Data are representative of ≥ 2 independent experiments with ≥ 3 mice per group. Bars and error represent mean +/− SEM of replicate measurements. *P<0.05, **P<0.01, ***P<0.001, ****P<0.0001 (Student’s t-test).

6. Figure S6. Inhibition of PHD proteins improves adoptive cell transfer immunotherapy, Related to Figure 7.

(A) Subcutaneous tumor growth in mice receiving ACT of indicated cells. Adoptively transferred cells were expanded ex vivo under non-polarizing conditions ±DMOG (1mM) or Th1 specifying conditions (IL-12 10ng mL⁻¹, anti-IL-4 10μg mL⁻¹)
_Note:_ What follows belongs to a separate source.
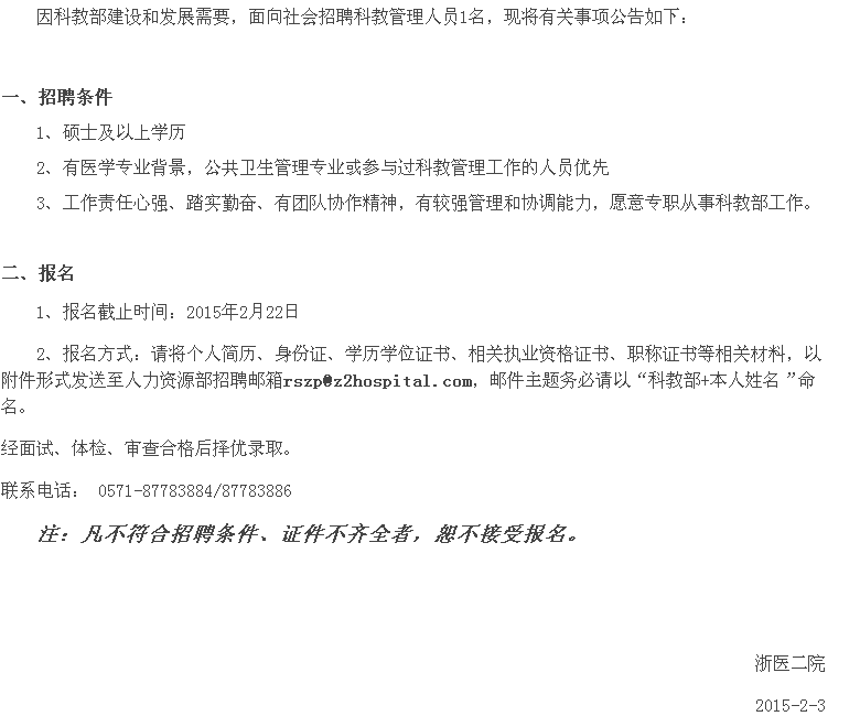[图文]浙江大学医学院附属第二医院2015年招聘科教管理人员的启事

(B) Overall survival of tumor bearing mice treated as described in (A). Survival significance was assessed by a Log-rank Mantel-Cox test.

Data are representative of ≥ 2 independent experiments with > 5 mice per group. Bars and error represent mean ±SEM of replicate measurements. **P<0.01.